Unlike well established companies which need to worry about things like P/E ratios, and revenues, a startup seeking funding really only needs to focus on one thing: the M/PP ratio: Millions per PowerPoint slide. If you can raise $25 million from a dozen PowerPoint slides, that’s an M/PP ratio of just over 2-1 which is quite respectable.
What makes an Entrepreneur successful?
The consulting firm Price WaterHouse Coopers Buzby Berkely Donner and Blitzen, recently completed a 12 year study of Entrepreneurs and found that 77% of all Entrepreneurs had a single trait in common: they were in debt. In addition, over 63% or entrepreneurs studied said that they wanted to build an ideal work environment, create new ideas, and develop a new technology that changed the world. It should also be noted that 97% were pathological liars.
In Silicon Valley, most entrepreneurs come from the ranks of engineering. This prepares them to deal with the important element of running a business such as ensuring that software is no more than 6 months late and that hardware does, more or less, what it is you said it was going to do, when you agreed to put your children in hock to the VC Report.

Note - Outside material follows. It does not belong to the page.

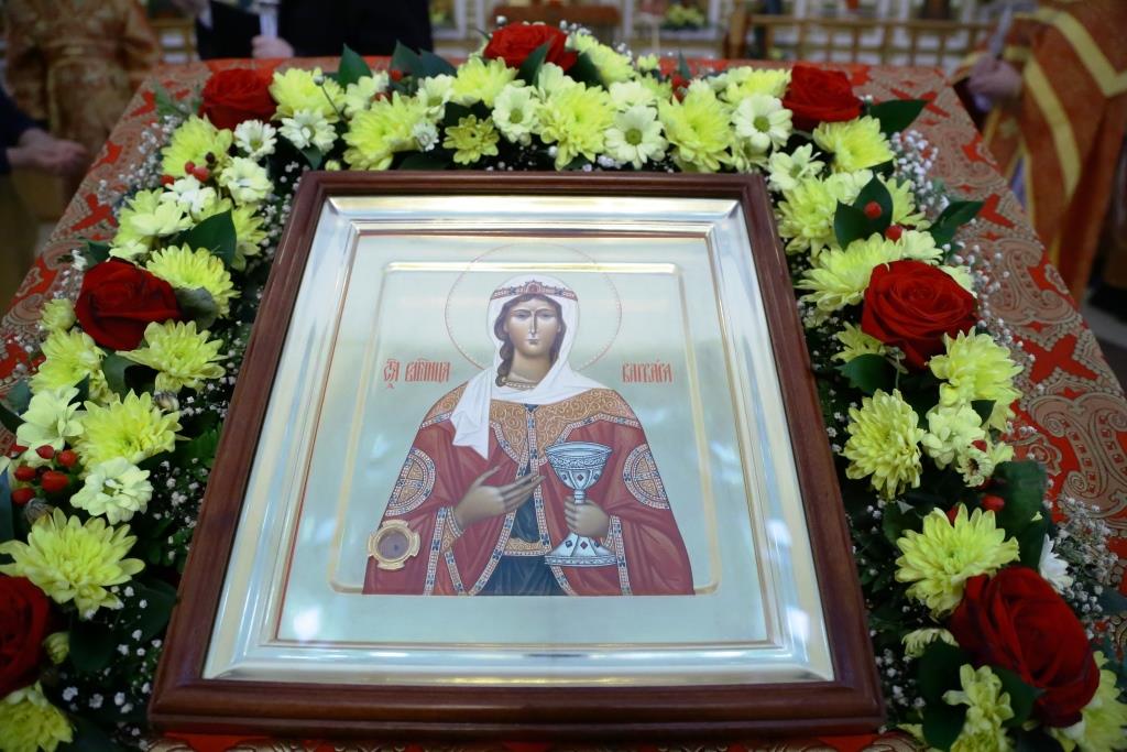 Литургия завершилась славлением перед иконой с частицей святых и многоцелебных мощей великомученицы Варвары.

What makes an Enterpreneur successful? First and foremost it’s an unwavering belief in their vision for the company. The willingness to stick with it through and through. To not let minor obstacles, like divorce, litigation, or even a possible prison sentence get in their way. Heck, Larry Ellison gets through all that before his Monday morning sales call!

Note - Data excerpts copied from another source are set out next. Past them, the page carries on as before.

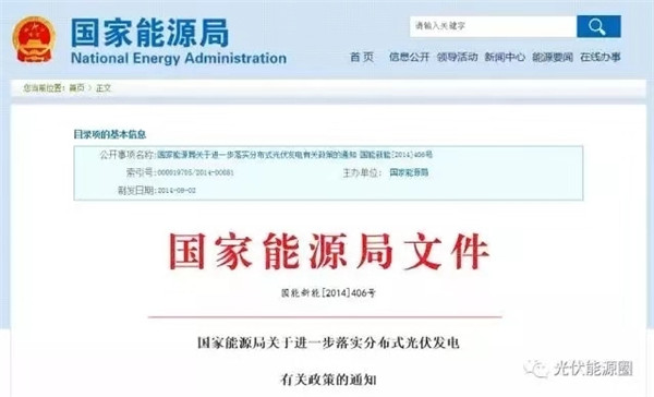2014年9月2日,國家能源局發布《關于進一步落實分布式光伏發電有關政策的通知 》,給予戶用光伏全額上網補貼。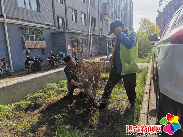 本次活动,社区干部、包保单位延边州地方志及居民志愿者20余人参加了本次活动。活动现场,全体人员手握铁锹分工协作,拉线校准、扛苗放苗,挥锹刨坑,扶苗踩土,将每一道工序都做得一丝不苟。在种植现场,一片繁忙景象。大家发挥志愿奉献精神,不怕脏、不怕累,个个奋力争先。挥动铁锹,挖坑、栽种、培土、浇水,相互配合,将土壤裸露的地方翻新,种植上花卉,春天的气息扑面而来。植树活动从下午2点持续到4点结束,植树后,大家不忘将原先的死树苗进行彻底清理,做到植树、人居环境整治两手齐抓共管。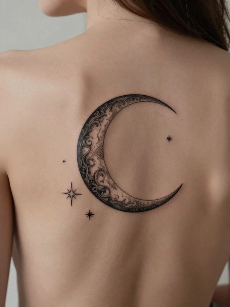 Placement on your back offers flexibility; you can arrange these designs in various ways, whether aligned or scattered. For a cohesive celestial theme, consider combining stars and moons. A minimalist approach with thin lines or dots can keep it subtle. You might also add gentle shading for depth without complicating the design.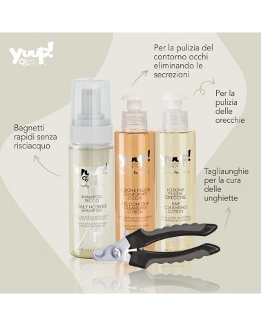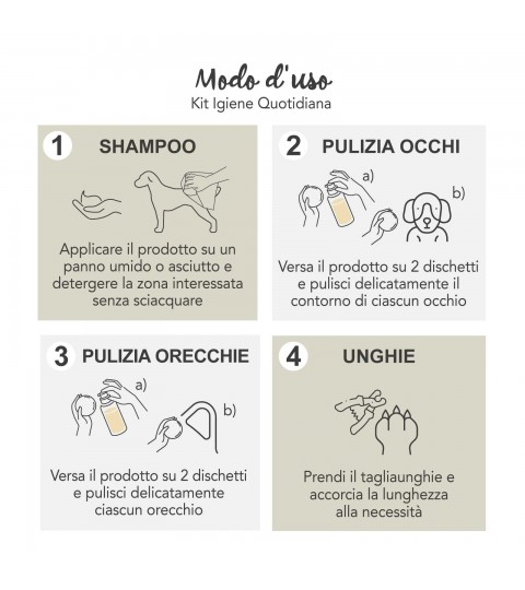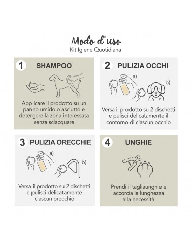 Il kit di prodotti e strumenti ideale per la routine di igiene quotidiana di pelo, occhi, orecchie e unghie, prodotti pratici e facili da usare e senza risciacquo.

As the saying goes, a true Entrepreneur is as committed as a pig at a bacon and eggs breakfast. Everyone else is just making a contribution. And he knows he’s got to "break a few eggs to get this turkey to fly". Even if they are other people’s eggs, so to speak. Most entrepreneurs are risk takers. Many Entrepreneurs hang glide. And still others are betting against another Kiss reunion tour. What separates a successful entrepreneur from the garden variety is his or her ability to get others to believe in a bigger vision. As Bill "Herbert" Gates often says, "A chicken in every pot and a PC on every desk running nothing but Microsoft Software".
Not surprisingly there are a lot of so-called serial entrepreneurs. These are individuals who successfully create a company and then go on to do it again. Think of them as Entrepreneurotics. For example, Jim Clark founded Silicon Graphics and later after he was ousted, Netscape Communications. This was followed by WebMD, MyCFO.com and a host of other companies. Netscape, for example, generated revenues of over $600 million per year and had a market capitalization or value of over $6.5 billion. Unfortunately, expenses were something like a billion dollars per year. So Jim Clark got fired from that gig also. Still it was good while it lasted and Jim Clark is one of few Entrepreneurs who founded three billion dollar companies and managed to get fired from every single one.
One important rule of thumb: If you’re going to fail, fail big. And preferably using someone else’s money. There’s nothing like a few hundred million in debt to keep the bankers interested.